Step 4 — Model Selection

Model determination or calculation choice stage is the most energizing and the core of AIML. It is where we select the model which performs best for the informational collection within reach.

First, we will ascertain the “Arrangement Accuracy (Testing Accuracy)” of a given arrangement of grouping models with their default parameters to figure out which model performs better with the diabetes informational collection.

We will import the vital libraries to the note pad. We import seven classifiers, to be precise, Random Forest, K-Nearest Neighbors, Logistic Regression, Support Vector Classifier, Gaussian Naive Bayes, and Gradient Boost to be nominees for the best classifier.

from sklearn.neighbors import KNeighborsClassifier
from sklearn.svm import SVC
from sklearn.linear_model import LogisticRegression
from sklearn.tree import DecisionTreeClassifier
from sklearn.naive_bayes import GaussianNB
from sklearn.ensemble import RandomForestClassifier
from sklearn.ensemble import GradientBoostingClassifier

The classifier models can be initialized with their default parameters and add them to a model list.

models = []models.append(('KNN', KNeighborsClassifier()))
models.append(('SVC', SVC()))
models.append(('LR', LogisticRegression()))
models.append(('DT', DecisionTreeClassifier()))
models.append(('GNB', GaussianNB()))
models.append(('RF', RandomForestClassifier()))
models.append(('GB', GradientBoostingClassifier()))

Evaluation Methods

It is a general practice to abstain from preparing and testing on similar information. The reasons are that the objective of the model is to anticipate out-of-test information, and the model could be excessively perplexing prompting overfitting. To keep away from the previously mentioned issues, there are two safeguards.

  1. Train/Test Split
  2. K-Fold Cross-Validation

For the train/test split, we will import “train_test_split” and for K-Fold Cross-Validation, we will import “cross_val_score” . “accuracy_score” is to assess the exactness of the model in the train/test split strategy.

from sklearn.model_selection import cross_val_score
from sklearn.model_selection import train_test_split
from sklearn.metrics import accuracy_score

The above-mentioned methods will be performed to find the best performing base, models.

K-Fold Cross-Validation

This strategy parts the informational index into K equivalent allotments (“folds”), at that point utilize 1 crease as the testing set and the association of different overlays as the preparation set. At that point, the model is tried for precision. The procedure will pursue the above advances K times, utilizing diverse overlay as the testing set each time. The normal testing exactness of the procedure is trying precision.

Pros: An increasingly precise gauge of out-of-test exactness. Increasingly “productive” utilization of information (each perception is utilized for both preparing and testing).

Cons: Much more slow than Train/Test split.

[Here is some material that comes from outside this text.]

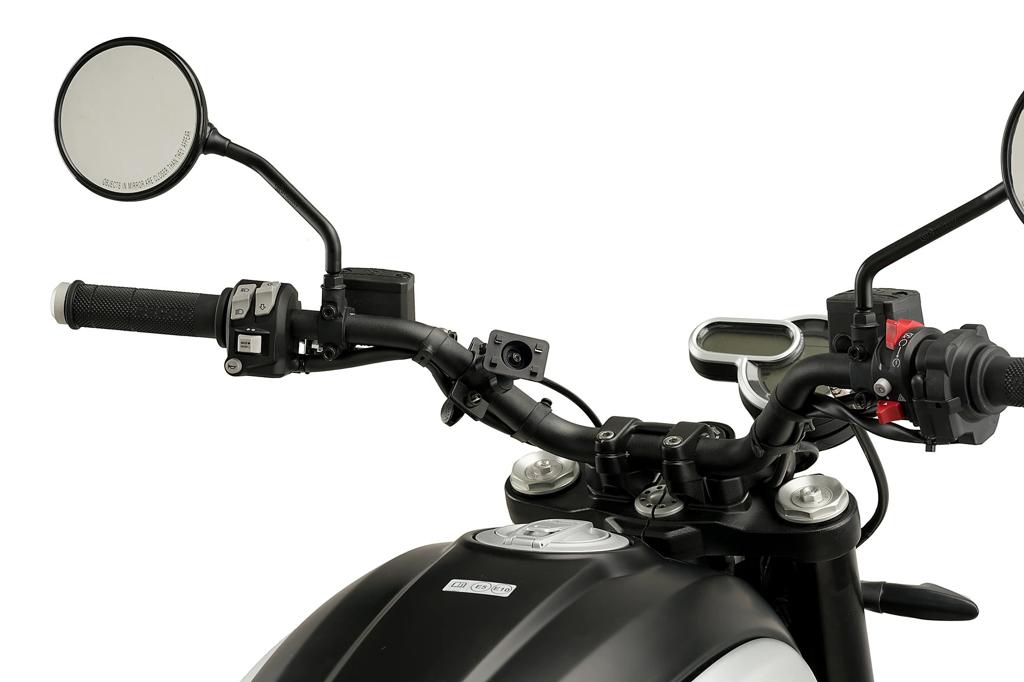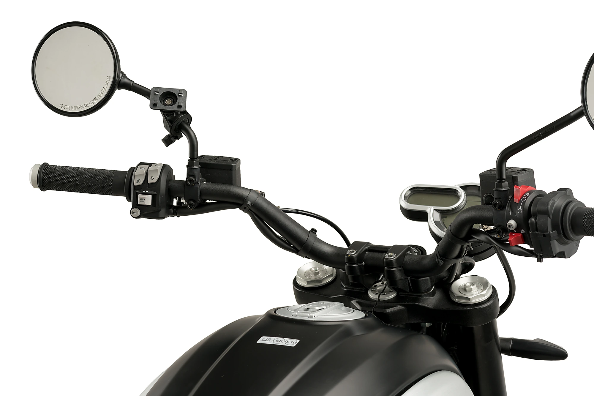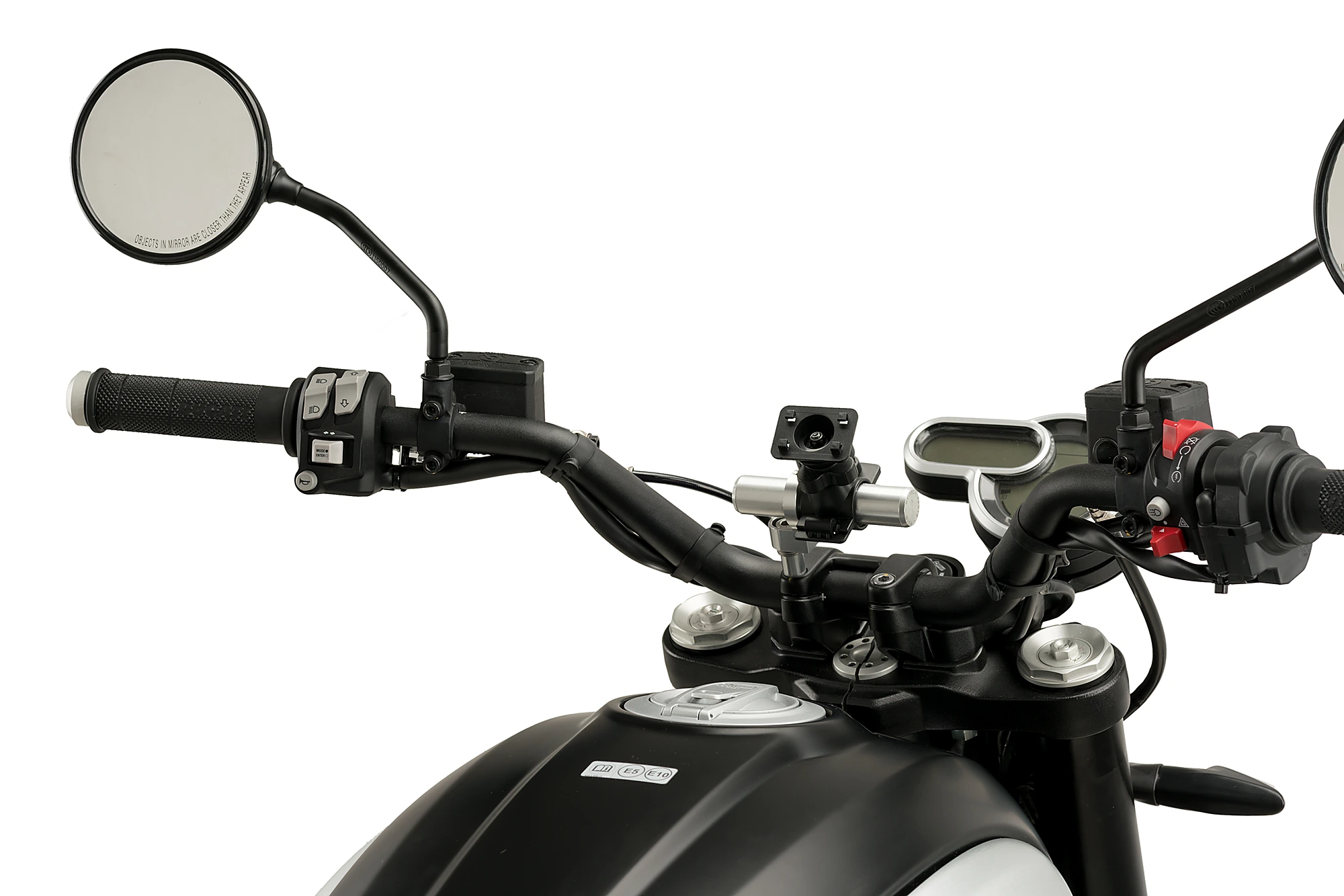 Vous pouvez monter le Support téléphone sur la base du rétroviseur, à la tige du rétroviseur, sur le guidon ou sur le té de fourche de la moto où il será le plus protégé contres les impacts et les trous sur la route.

K-Fold Cross Validation with Scikit Learn :

We will push ahead with K-Fold cross-approval as it is increasingly precise and utilize the information proficiently. We will prepare the models utilizing 10 overlay cross-approval and compute the mean exactness of the models. “cross_val_score” gives its own preparation and precision computation interface.

scores = []for name, model in models:
names = []

score = cross_val_score(model, X, y, cv=kfold, scoring='accuracy').mean()
kfold = KFold(n_splits=10, random_state=10)
scores.append(score)kf_cross_val = pd.DataFrame({'Name': names, 'Score': scores})

Accuracy scores can be plotted using seaborn:

axis = sns.barplot(x = 'Name', y = 'Score', data = kf_cross_val)
axis.set(xlabel='Classifier', ylabel='Accuracy')
for p in axis.patches:
height = p.get_height()
axis.text(p.get_x() + p.get_width()/2, height + 0.005, '{:1.4f}'.format(height), ha="center")

We can see the Gaussian Naive Bayes, Logistic Regression, Gradient Boosting, and Random Forest have performed superior to the rest. From the base level, we can see that the Logistic Regression performs superior to different calculations.


In this article we talked about the essential AIML work process steps, for example, information investigation, information cleaning steps, feature engineering basics, and model selection using Scikit Learn library.